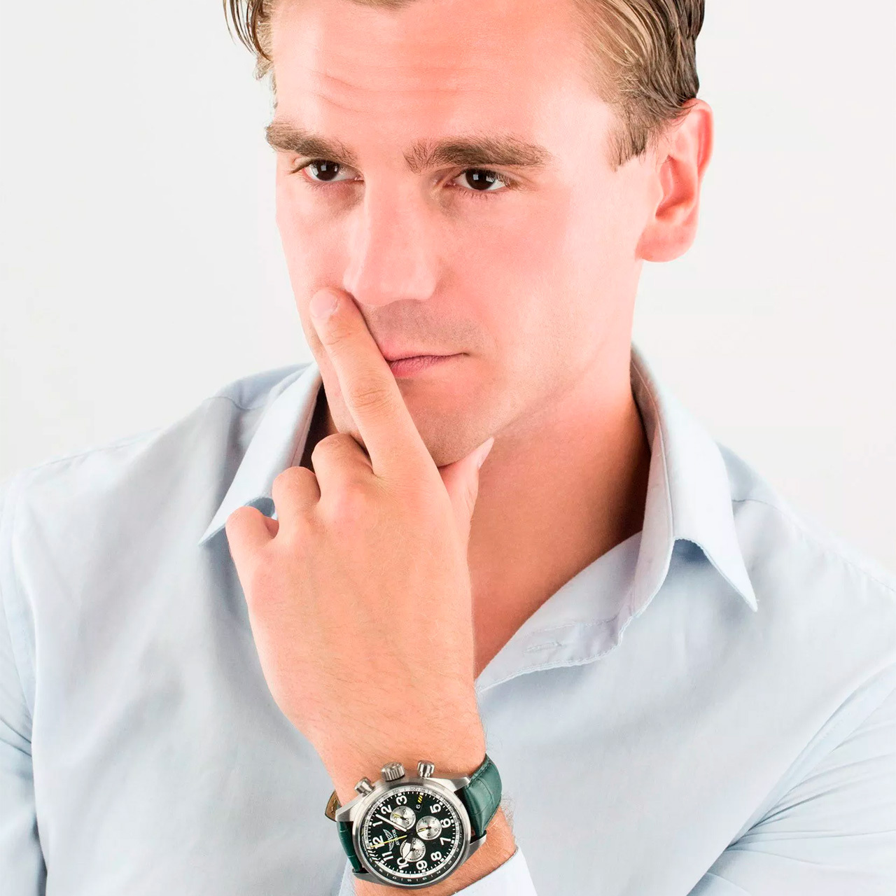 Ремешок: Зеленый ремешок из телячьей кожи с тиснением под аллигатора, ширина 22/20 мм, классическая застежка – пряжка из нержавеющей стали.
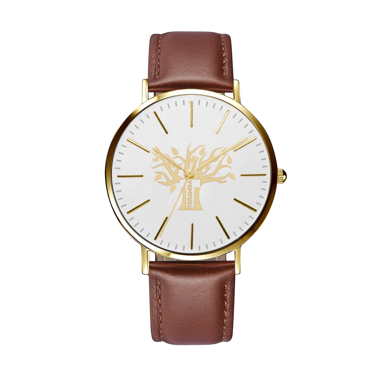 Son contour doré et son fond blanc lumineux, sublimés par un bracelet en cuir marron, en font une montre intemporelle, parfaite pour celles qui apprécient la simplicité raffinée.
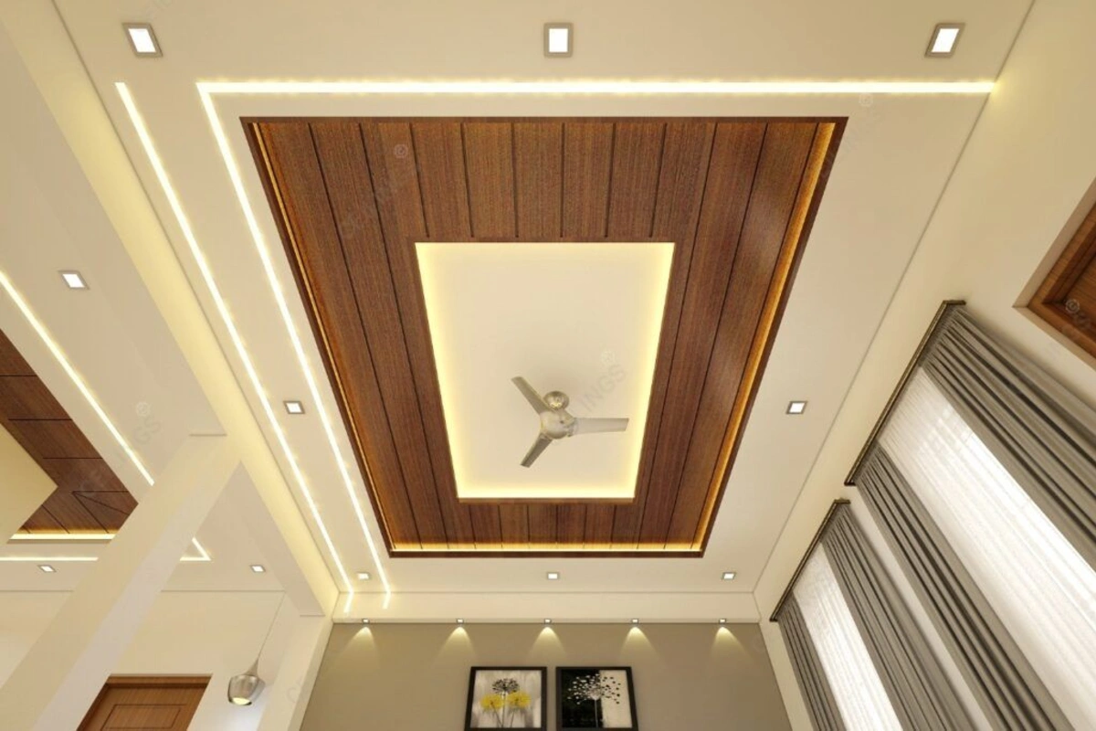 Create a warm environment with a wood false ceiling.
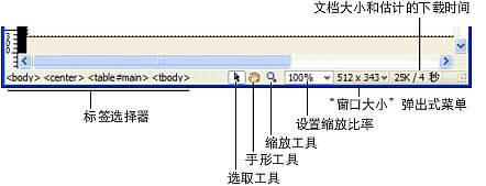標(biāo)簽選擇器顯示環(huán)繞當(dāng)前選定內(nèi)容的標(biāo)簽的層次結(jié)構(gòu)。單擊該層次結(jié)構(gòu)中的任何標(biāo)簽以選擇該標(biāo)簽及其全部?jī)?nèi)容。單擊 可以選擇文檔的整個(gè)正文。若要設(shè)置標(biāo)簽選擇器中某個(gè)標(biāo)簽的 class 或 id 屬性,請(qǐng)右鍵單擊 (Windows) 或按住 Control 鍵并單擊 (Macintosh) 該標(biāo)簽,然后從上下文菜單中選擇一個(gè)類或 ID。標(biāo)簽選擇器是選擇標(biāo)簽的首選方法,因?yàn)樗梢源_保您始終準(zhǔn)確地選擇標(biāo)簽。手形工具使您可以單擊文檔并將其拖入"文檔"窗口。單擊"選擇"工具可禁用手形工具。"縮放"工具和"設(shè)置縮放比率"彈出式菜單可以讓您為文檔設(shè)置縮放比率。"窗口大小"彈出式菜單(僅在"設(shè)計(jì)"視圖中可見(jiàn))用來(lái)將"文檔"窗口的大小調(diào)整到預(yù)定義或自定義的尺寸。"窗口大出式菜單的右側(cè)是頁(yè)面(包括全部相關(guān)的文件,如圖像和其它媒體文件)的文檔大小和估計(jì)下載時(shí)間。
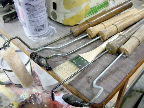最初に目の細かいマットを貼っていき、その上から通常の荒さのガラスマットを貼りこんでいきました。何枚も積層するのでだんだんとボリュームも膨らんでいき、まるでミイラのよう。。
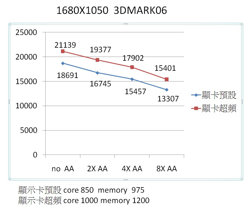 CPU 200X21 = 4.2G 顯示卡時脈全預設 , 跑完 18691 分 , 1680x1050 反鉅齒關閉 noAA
==
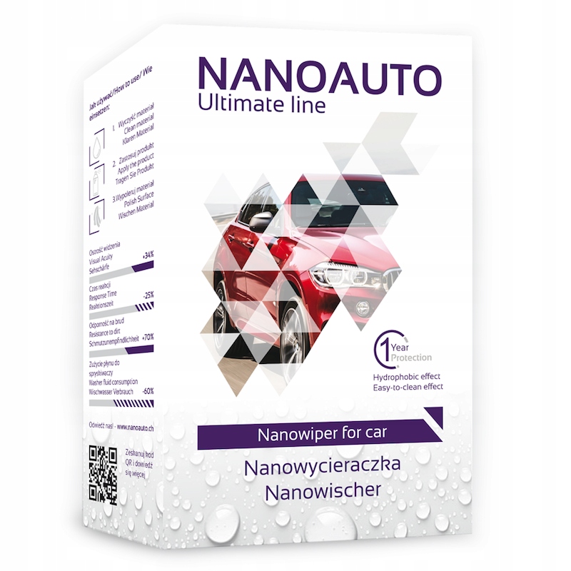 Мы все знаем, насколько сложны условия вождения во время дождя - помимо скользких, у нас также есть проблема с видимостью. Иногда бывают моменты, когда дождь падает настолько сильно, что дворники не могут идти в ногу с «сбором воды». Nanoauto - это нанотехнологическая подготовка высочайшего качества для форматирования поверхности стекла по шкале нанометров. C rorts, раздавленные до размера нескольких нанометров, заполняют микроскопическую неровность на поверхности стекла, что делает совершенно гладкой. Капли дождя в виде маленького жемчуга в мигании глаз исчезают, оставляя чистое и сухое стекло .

## Activity:
Above are the records; restate exactly the lines from the one containing "最初に目の細かいマットを貼っ" through the one containing "CPU 200X21 = 4.2G", keeping pictures out.

## Written response:
最初に目の細かいマットを貼っていき、その上から通常の荒さのガラスマットを貼りこんでいきました。何枚も積層するのでだんだんとボリュームも膨らんでいき、まるでミイラのよう。。
 CPU 200X21 = 4.2G 顯示卡時脈全預設 , 跑完 18691 分 , 1680x1050 反鉅齒關閉 noAA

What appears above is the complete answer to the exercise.